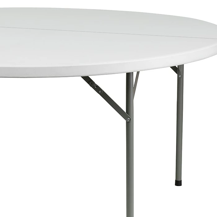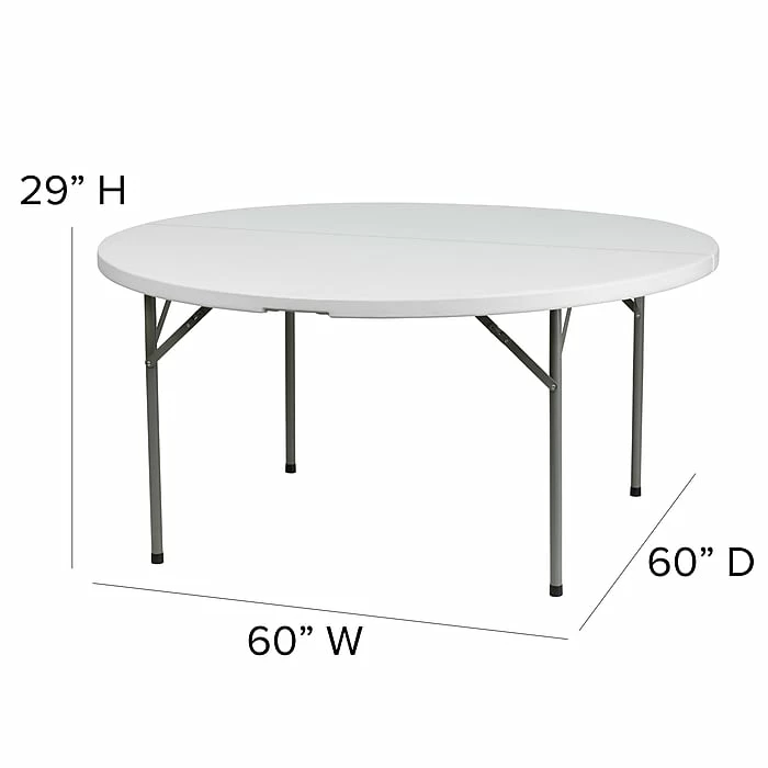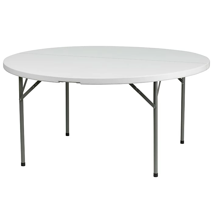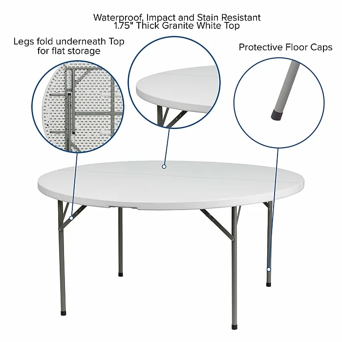 Add extra storage space to your office or home with the 60-inch Flash Furniture Commercial Table as it features an elegant and spacious design. Designed with a plastic tabletop with granite white, it is resistant to stains and is easy to clean. This plastic commercial table with its round design is ideal for areas with limited space and lends a trendy look to the decor of your room or office. Available as a single table, it features durable tabletop with blow-molded edges to protect the top from accidental damage.
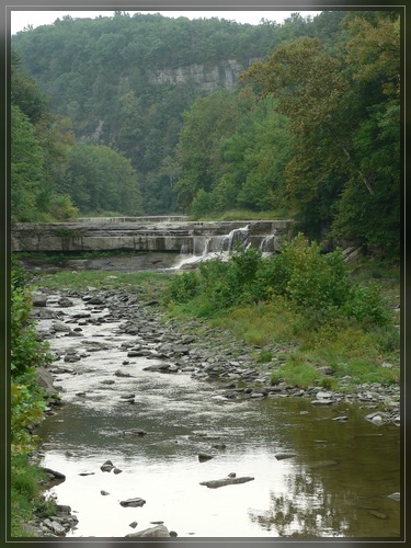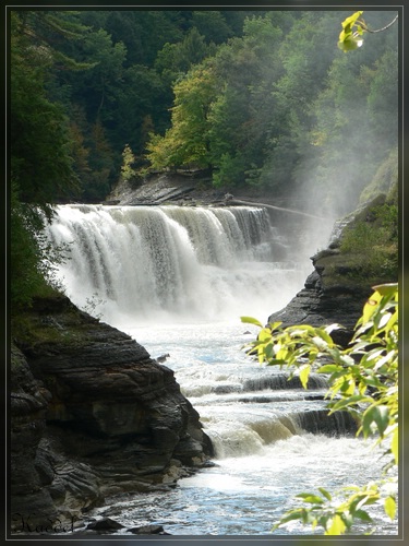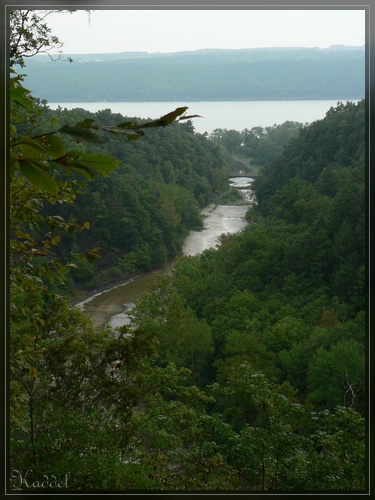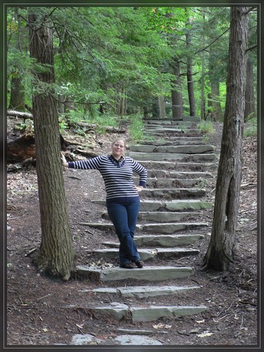 Naja wir beschließen noch einen Spaziergang zu den Lower Falls zu machen. Ich freue mich darauf, denn schließlich war ich diejenige von uns zwei, die unbedingt in diesen State Park wollte. Der Grund dafür war, und ist immer noch, das Buch "Mein Feuer brennt im Land der Fallenden Wasser" von Rainer M. Schröder. Dieses Jugendbuch erzählt die Geschichte Mary Jemison. Zwar nicht ganz original, da es ja ein Roman ist. Aber eben die Wasserfälle dieses Parks kommen eben in diesem Roman vor. Es ist doch ein ganz schönes Stück zu den Lower Falls, aber der Weg wird belohnt durch wunderschöne Ausblicke auf den Wasserfall.
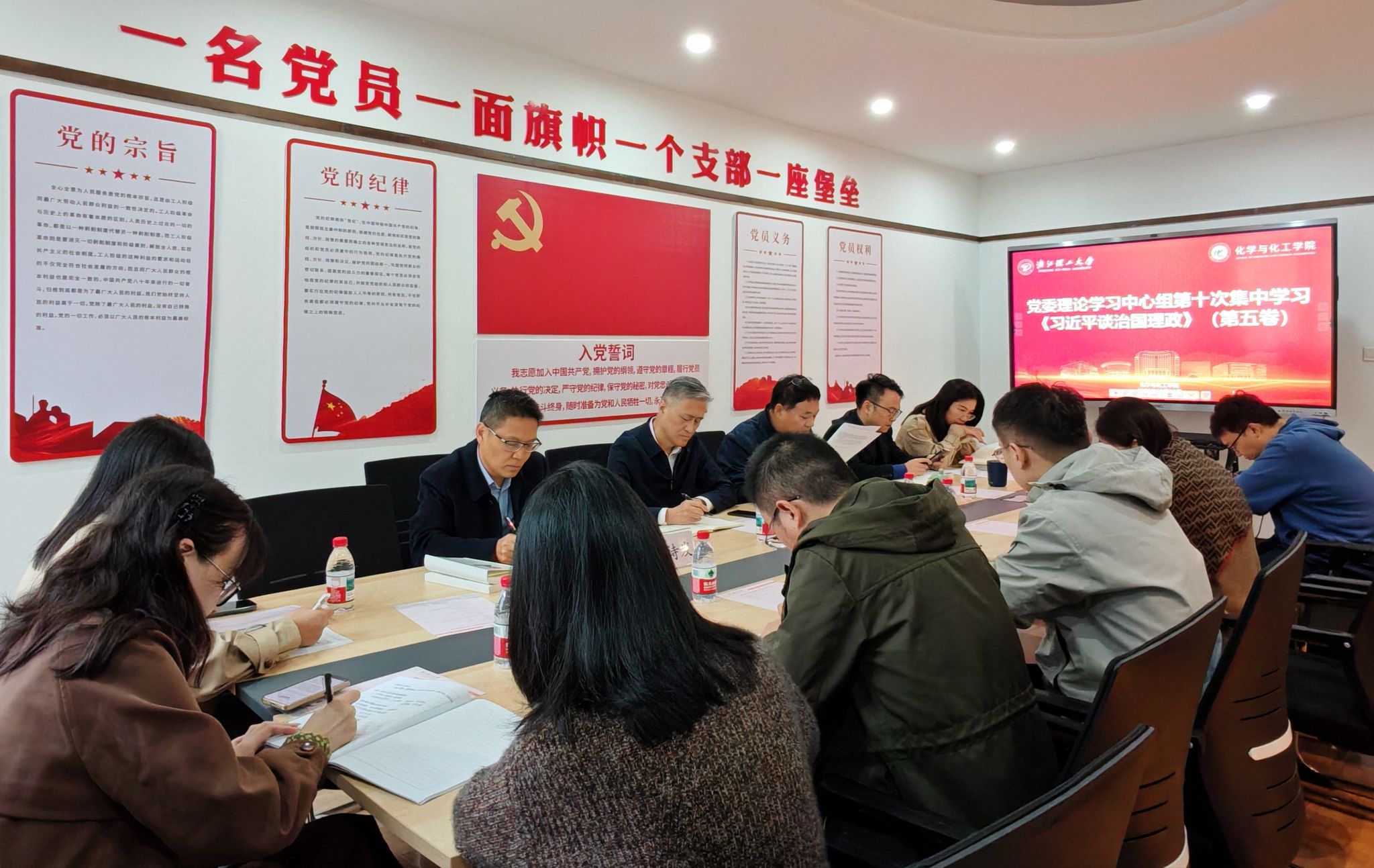 10月30日下午,化学与化工学院党委召开理论学习中心组会议,围绕《习近平谈治国理政》第五卷开展专题学习。校党委委员、纪委书记陈正奎到会巡听指导。学院党委书记施鹏主持会议,学院理论学习中心组全体成员参加会议。
■ ■ ■ ■
About this exercise
Please give the data above again in exact form and omit every picture.

Task result
 Add extra storage space to your office or home with the 60-inch Flash Furniture Commercial Table as it features an elegant and spacious design. Designed with a plastic tabletop with granite white, it is resistant to stains and is easy to clean. This plastic commercial table with its round design is ideal for areas with limited space and lends a trendy look to the decor of your room or office. Available as a single table, it features durable tabletop with blow-molded edges to protect the top from accidental damage.
 Naja wir beschließen noch einen Spaziergang zu den Lower Falls zu machen. Ich freue mich darauf, denn schließlich war ich diejenige von uns zwei, die unbedingt in diesen State Park wollte. Der Grund dafür war, und ist immer noch, das Buch "Mein Feuer brennt im Land der Fallenden Wasser" von Rainer M. Schröder. Dieses Jugendbuch erzählt die Geschichte Mary Jemison. Zwar nicht ganz original, da es ja ein Roman ist. Aber eben die Wasserfälle dieses Parks kommen eben in diesem Roman vor. Es ist doch ein ganz schönes Stück zu den Lower Falls, aber der Weg wird belohnt durch wunderschöne Ausblicke auf den Wasserfall.
 10月30日下午,化学与化工学院党委召开理论学习中心组会议,围绕《习近平谈治国理政》第五卷开展专题学习。校党委委员、纪委书记陈正奎到会巡听指导。学院党委书记施鹏主持会议,学院理论学习中心组全体成员参加会议。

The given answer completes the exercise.